I also needed a lot of help getting a job but I did a lot of that myself with the help of the local government, there was a job counselor there who helped me very much and I don't think I would have gotten a job I like without her.
I feel so childish at times but I really don't know or understand how to act or behave as an adult. Normally people learn this by themselves or at least have someone to teach them but having aspergers it doesn't come naturally and I didn't have a proper father figure to teach me. It's weird because it feels like my friends- some who are younger than me -are growing past me, they're all adults while I still feel like a teenager.
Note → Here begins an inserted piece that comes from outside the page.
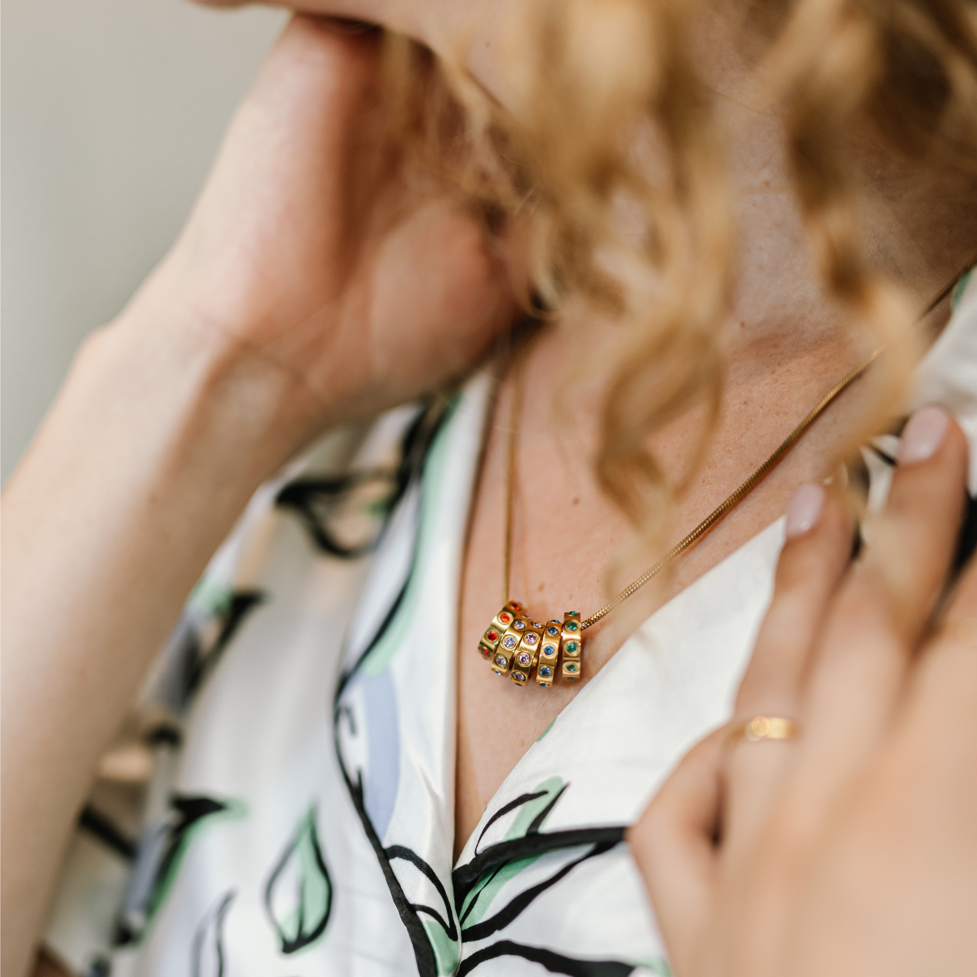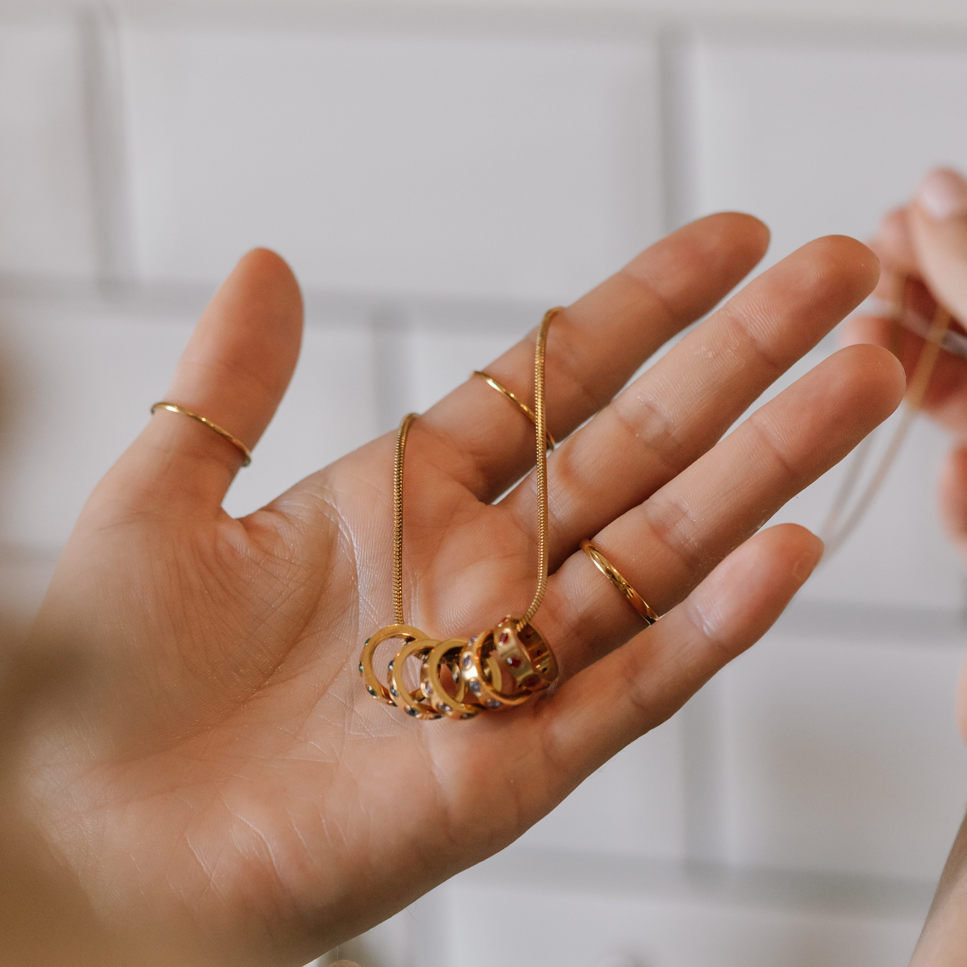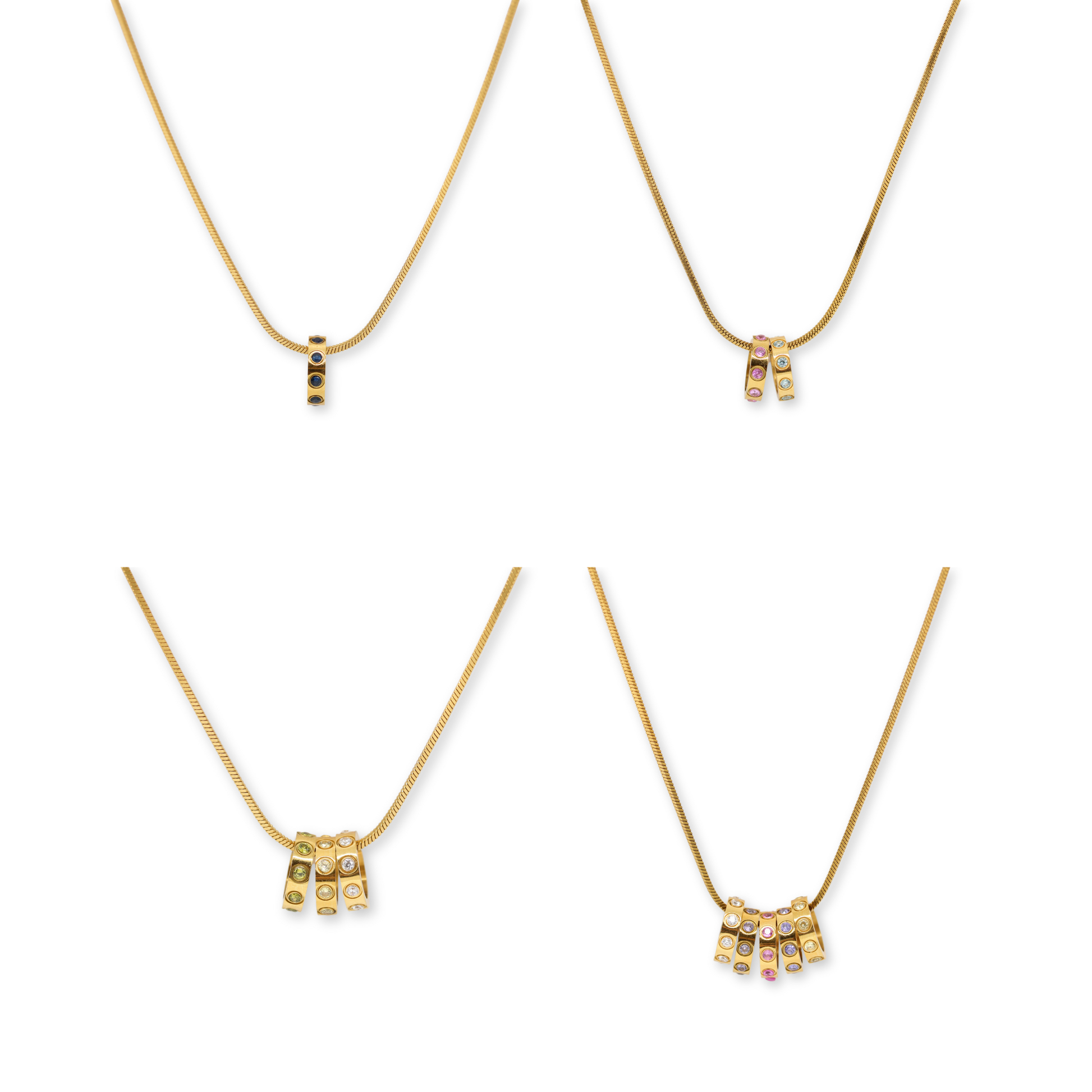 The Extra-Length Snake Chain is their official base, but they also pair beautifully with the 4mm Plain Chain, Dainty Paperclip Necklace, or Slide-On Charm Necklace.

I'm fairly confident most of the time but times like this I start think of the future, one day I'm not going to have my family around. I don't think I'll be able to live all by myself, even thought having my very own place that I can do what I want in when I want sounds very nice, all the responsibilities makes my head spin just thinking about it. So naturally I start to think about partnership, how if I can find a girlfriend who understand me and knows me that would be amazing and I can have someone I can give love and affection to.
But relationships also worries me, especially romantic ones. I don't think I've ever had a girlfriend or even dated, I've had female friends and there's been a few girls that's been interested in me but I have never really broke that "barrier" between just interest and dating, I just don't know what to do. I did meet a girl a year ago or so online who I really like and she likes me too but she lives in another country so we haven't met yet, we just chat and call each other once in a while. But I don't know where I'm going with her or if she even does, I can't tell for sure until we meet and even then I don't have my hopes up. She's very nice though.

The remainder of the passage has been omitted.